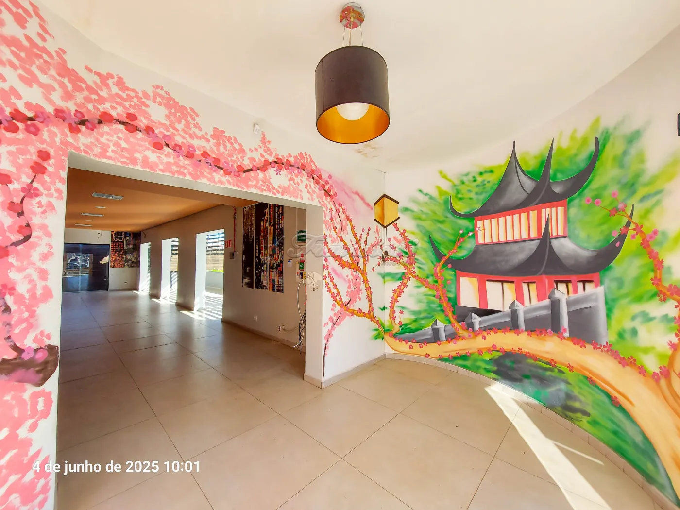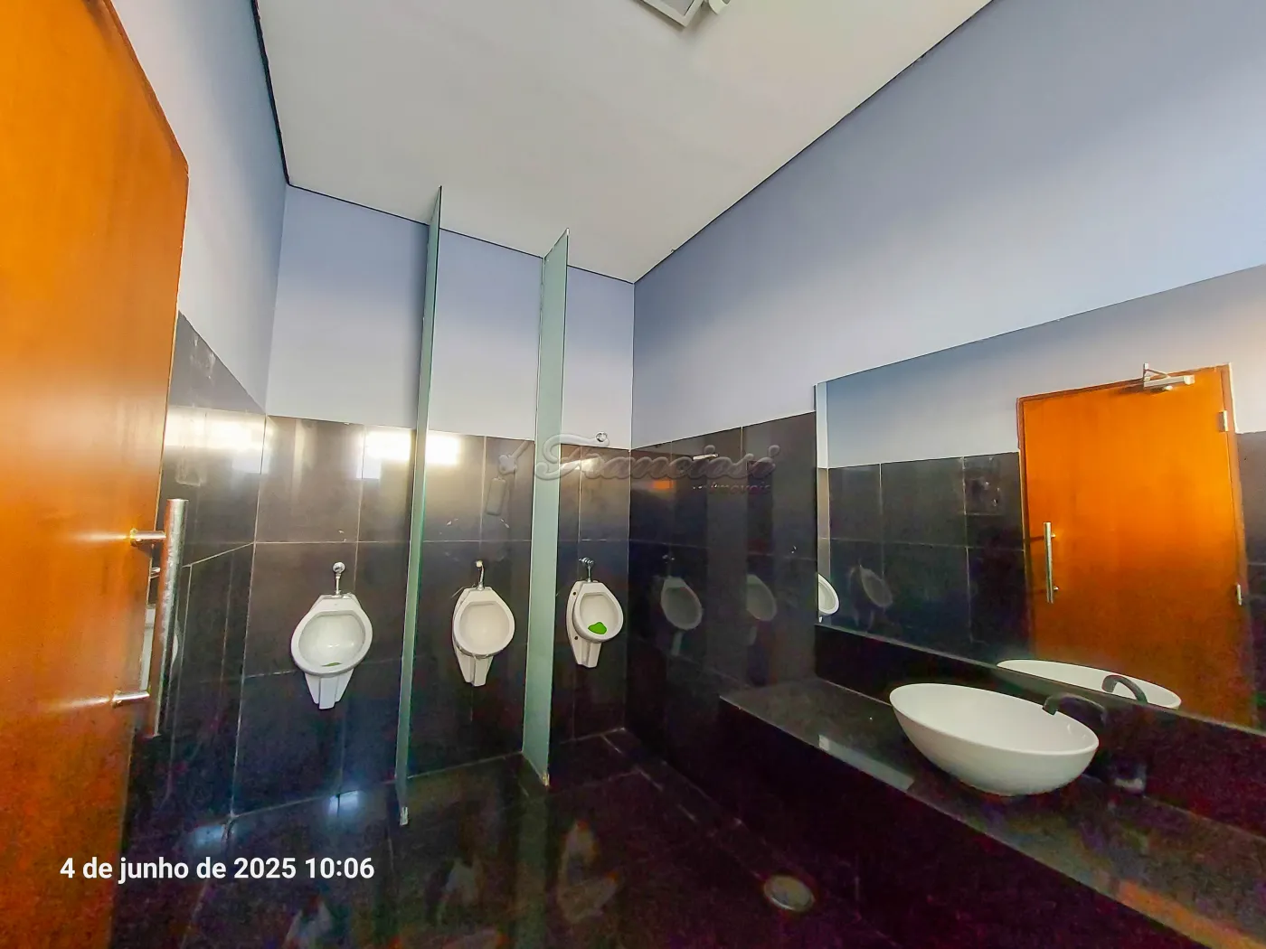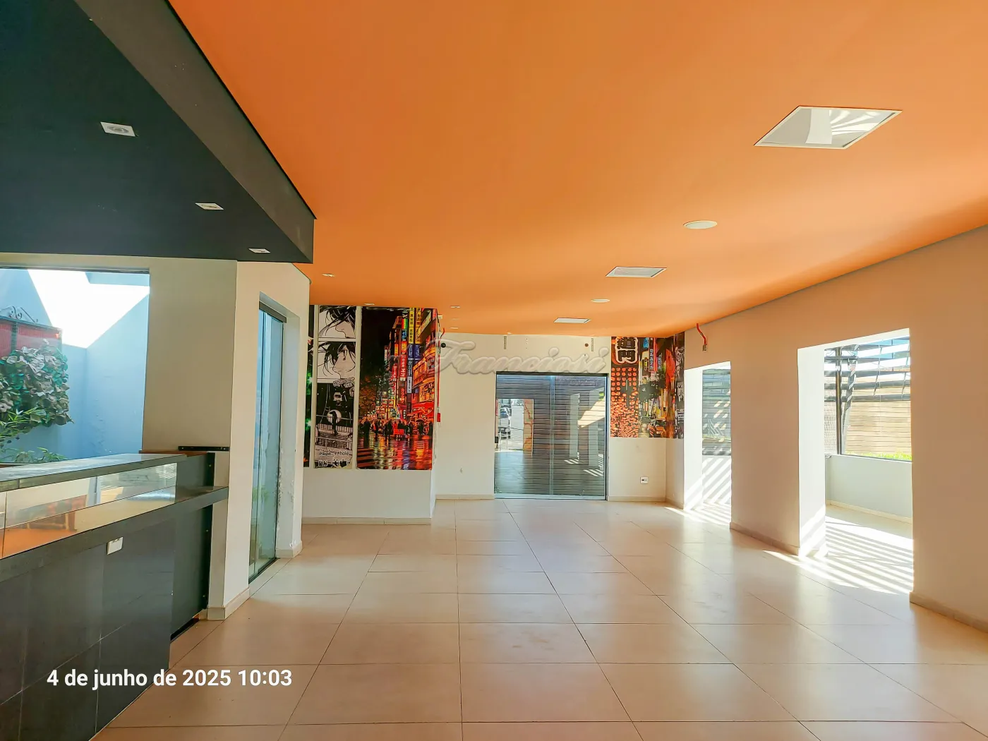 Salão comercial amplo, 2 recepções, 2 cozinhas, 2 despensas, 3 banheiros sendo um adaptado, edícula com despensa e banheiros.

++++++

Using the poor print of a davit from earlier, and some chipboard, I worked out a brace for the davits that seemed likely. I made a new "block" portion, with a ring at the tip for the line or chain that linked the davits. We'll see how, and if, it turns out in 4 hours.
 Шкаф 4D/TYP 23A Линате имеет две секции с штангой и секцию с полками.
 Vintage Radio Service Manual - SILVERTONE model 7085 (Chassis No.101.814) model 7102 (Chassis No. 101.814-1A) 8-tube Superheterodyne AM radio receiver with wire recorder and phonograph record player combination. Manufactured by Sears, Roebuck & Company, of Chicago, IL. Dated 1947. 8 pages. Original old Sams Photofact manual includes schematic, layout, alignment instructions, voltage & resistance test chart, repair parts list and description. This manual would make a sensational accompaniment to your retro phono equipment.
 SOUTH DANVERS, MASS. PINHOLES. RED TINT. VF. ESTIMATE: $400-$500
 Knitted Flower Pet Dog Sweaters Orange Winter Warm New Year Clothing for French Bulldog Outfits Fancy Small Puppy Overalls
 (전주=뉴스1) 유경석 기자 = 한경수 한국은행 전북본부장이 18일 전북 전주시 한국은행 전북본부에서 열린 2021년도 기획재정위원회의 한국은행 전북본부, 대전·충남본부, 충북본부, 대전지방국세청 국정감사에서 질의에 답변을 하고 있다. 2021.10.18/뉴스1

++++++

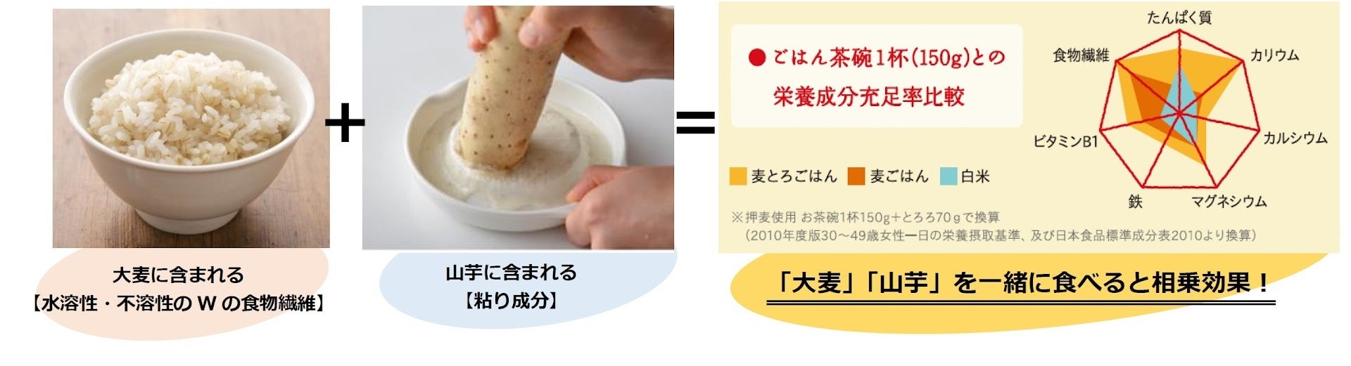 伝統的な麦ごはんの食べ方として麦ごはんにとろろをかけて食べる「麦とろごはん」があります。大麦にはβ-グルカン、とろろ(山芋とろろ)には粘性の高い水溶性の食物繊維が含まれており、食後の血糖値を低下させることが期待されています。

++++++

Action item -> Scan the listing above for the line that has "Using the poor", then copy exactly from that line through the line that has "(전주=뉴스1) 유경석 기자".

Task output ->
Using the poor print of a davit from earlier, and some chipboard, I worked out a brace for the davits that seemed likely. I made a new "block" portion, with a ring at the tip for the line or chain that linked the davits. We'll see how, and if, it turns out in 4 hours.
 Шкаф 4D/TYP 23A Линате имеет две секции с штангой и секцию с полками.
 Vintage Radio Service Manual - SILVERTONE model 7085 (Chassis No.101.814) model 7102 (Chassis No. 101.814-1A) 8-tube Superheterodyne AM radio receiver with wire recorder and phonograph record player combination. Manufactured by Sears, Roebuck & Company, of Chicago, IL. Dated 1947. 8 pages. Original old Sams Photofact manual includes schematic, layout, alignment instructions, voltage & resistance test chart, repair parts list and description. This manual would make a sensational accompaniment to your retro phono equipment.
 SOUTH DANVERS, MASS. PINHOLES. RED TINT. VF. ESTIMATE: $400-$500
 Knitted Flower Pet Dog Sweaters Orange Winter Warm New Year Clothing for French Bulldog Outfits Fancy Small Puppy Overalls
 (전주=뉴스1) 유경석 기자 = 한경수 한국은행 전북본부장이 18일 전북 전주시 한국은행 전북본부에서 열린 2021년도 기획재정위원회의 한국은행 전북본부, 대전·충남본부, 충북본부, 대전지방국세청 국정감사에서 질의에 답변을 하고 있다. 2021.10.18/뉴스1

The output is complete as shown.